Comment s’est passée cette opération hors norme ?
Jean-Noël Fabiani. Elle a duré une dizaine d’heures, mercredi. C’est le fruit des efforts d’une équipe qui travaille sur ce projet depuis vingt-cinq ans. Le mérite en revient en premier au professeur Alain Carpentier, concepteur de ce premier cœur artificiel total. Je suis très fier que cette prouesse ait eu lieu en France, dans le service public, à l’hôpital européen Georges-Pompidou, à Paris, et très heureux que cela se soit passé dans mon service. L’équipe comprenait notamment le professeur Christian Latrémouille, le professeur Daniel Duveau, avec le professeur Bernard Cholley et le docteur Denis Méléard, réanimateur. C’est un signe fort de l’excellence de la chirurgie française.
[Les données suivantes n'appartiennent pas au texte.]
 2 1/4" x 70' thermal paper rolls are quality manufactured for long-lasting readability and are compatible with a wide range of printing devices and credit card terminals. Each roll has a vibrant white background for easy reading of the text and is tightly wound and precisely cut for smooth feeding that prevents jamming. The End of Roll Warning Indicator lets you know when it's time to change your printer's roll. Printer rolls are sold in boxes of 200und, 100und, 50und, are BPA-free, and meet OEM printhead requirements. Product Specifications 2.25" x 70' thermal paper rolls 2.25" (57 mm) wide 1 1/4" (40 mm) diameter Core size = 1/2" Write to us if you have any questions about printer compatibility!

Comment se porte le malade ?
Il va bien mais reste sous observation. Il est réveillé et peut dialoguer avec sa famille. Même s’il faut forcément rester prudent avec ce type d’opération extrêmement lourde, au moins pendant les premières semaines. Mais nous sommes optimistes.
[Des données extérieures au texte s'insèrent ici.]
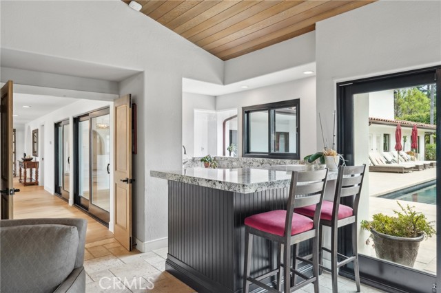 Welcome to 2718 Via Victoria, a beautifully updated modern Spanish-style residence tucked on a quiet cul-de-sac in the highly sought-after Upper Lunada Bay of Palos Verdes Estates. Set on a flat and fully usable 16,777 sq ft lot, this expansive 7-bedroom home spans 5,434 sq ft and offers the perfect blend of luxury, comfort, and functionality with picturesque views of the canyon and ocean. Thoughtfully remodeled throughout, the home features high-end finishes and top-of-the-line appliances. The main level offers a flexible and open layout with a formal living room, two spacious dens, a dining area, three fireplaces, and a stunning chef’s kitchen that flows seamlessly into the family room—ideal for entertaining or multi-generational living. A newly added bourbon bar area with two Thermador wine fridges enhances the space for gatherings and celebrations. The kitchen is a showstopper with a Mont Blanc quartzite island, Sub-Zero fridge/freezer, 6-burner Wolf range with double oven, Viking dishwasher, and built-in microwave. The first floor also includes two bedrooms, two and a half baths, and a large laundry room. Nearly every room opens to the lush backyard or offers canyon and ocean views. Upstairs, you’ll find five additional bedrooms, including two Jack & Jill suites. The spacious primary suite captures beautiful ocean views and features a luxurious en-suite bathroom. With seven total bedrooms, this home offers excellent flexibility—whether you need space for a home office, gym, playroom, or guest quarters. The backyard is a private retreat, complete with a saltwater pool, oversized spa, multiple seating and lounge areas, a beautifully tiled outdoor shower, Built-in BBQ, and a large grassy lawn perfect for play and entertaining. Additional highlights include whole house water softener, Anderson Windows, an attached 2-car garage, extended driveway with parking for 4+ cars, a workshop, garden area, dual-zoned air conditioning, and a charming front porch for enjoying coastal sunsets. All of this is just moments from top-rated Palos Verdes schools, local amenities, restaurants, libraries, golf clubs, scenic hiking trails, the coastline and the 110 freeway. This is a rare opportunity to own a truly exceptional home in one of the South Bay’s most prestigious neighborhoods.

Expliquez-nous ce que ce cœur artificiel a de vraiment nouveau ?
La différence principale, c’est qu’il est définitif. Tous les autres prototypes jusque-là étaient temporaires et nécessitaient, par la suite, la pose d’une greffe cardiaque. Celui-ci reproduit quasiment à l’identique le fonctionnement d’un cœur humain, les battements de cœur vont au même rythme que précédemment. Son originalité — grâce aux travaux du professeur Carpentier — est d’être entièrement réalisé avec des matériaux biologiques, sans risque de rejet, avec des capteurs qui s’adaptent aux besoins du patient. C’est une prouesse, car le cœur humain est l’une des machines les plus compliquées qui soient !
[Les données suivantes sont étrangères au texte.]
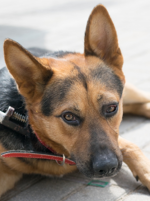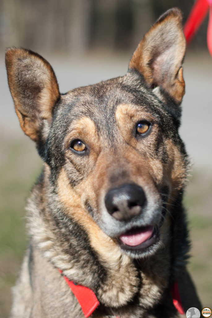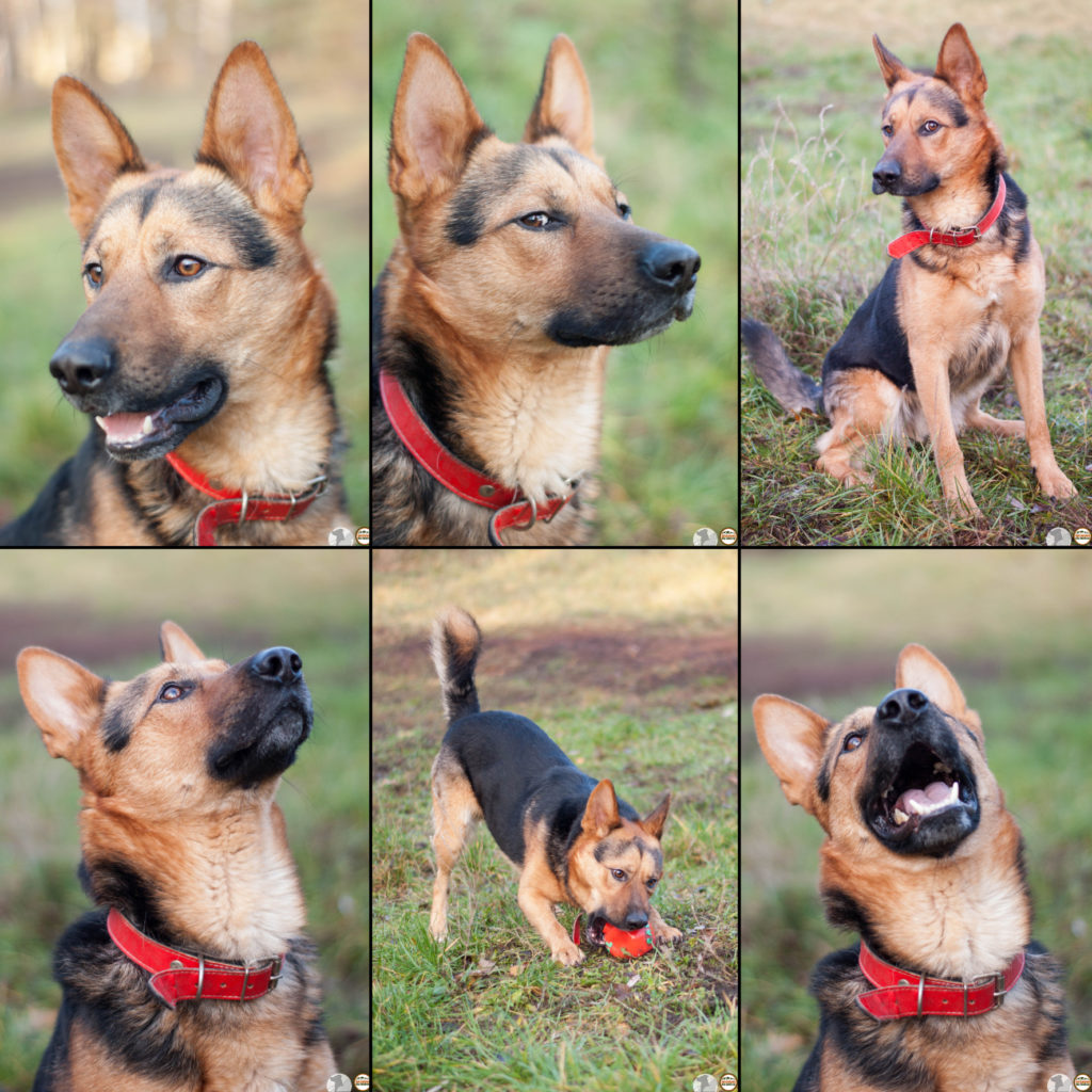 Nic dziwnego, jak już wybrał sobie dom, do którego się przybłąkał i nawet już chciano go zostawić, bo przystojność biła od owczarka, to użarł tamtejszych dwunożnych, jak tylko chcieli mu smyczkę zapiąć. I tyle było z tego… Drejk przyjechał do nas, a nasi zapamiętali sobie, że przy jego szyi się nie grzebie, widocznie ktoś mu tam kiedyś coś przykrego zrobił. W każdym razie Wolontariusze się nie poddają (nie napiszę, że tak łatwo, bo się nie poddają WCALE) i pierwsze co odkryli, że Drejk uwielbia się bawić, a kiedy zabrali go na zdjęcie wyszło, że… najrasowszy z niego model. Te miny! Te pozy!

Quels sont les enjeux pour les malades ?
L’insuffisance cardiaque sera l’épidémie du XXIe siècle. Pour une partie de ces patients, fortement atteints, le cœur artificiel pourra être une solution. Cela permettra de résoudre les problèmes de pénurie de greffes cardiaques. On en réalise 200 par an en France, mais cela ne couvre pas tous les besoins des patients. Car il n’y a pas assez de greffons. Avec ce cœur artificiel, c’est une nouvelle ère de la chirurgie cardiaque qui s’ouvre. De nombreux pays voulaient être les premiers, dont les Américains, et pourtant cela a été réussi chez nous !
Les félicitations de François Hollande
«Ce jour était attendu depuis des années», démarre François Hollande avant de rendre un hommage appuyé au Pr Alain Carpentier, « vous dont la vie chirurgicale est semée d’innovations marquantes au service de votre spécialité», ainsi qu’à la société Carmat et à l’intervention des professeurs Fabiani, Latremouille et Duveau, nommément cités.
«Certes, des questions demeurent. Mais cette prouesse médicale, qui est en réalité une découverte technique, constitue un espoir formidable pour les patients qui souffrent d’une insuffisance cardiaque évoluée» ajoute le chef de l’Etat dans sa lettre, qu’il conclut par une note manuscrite : «Avec toutes nos félicitations et notre reconnaissance».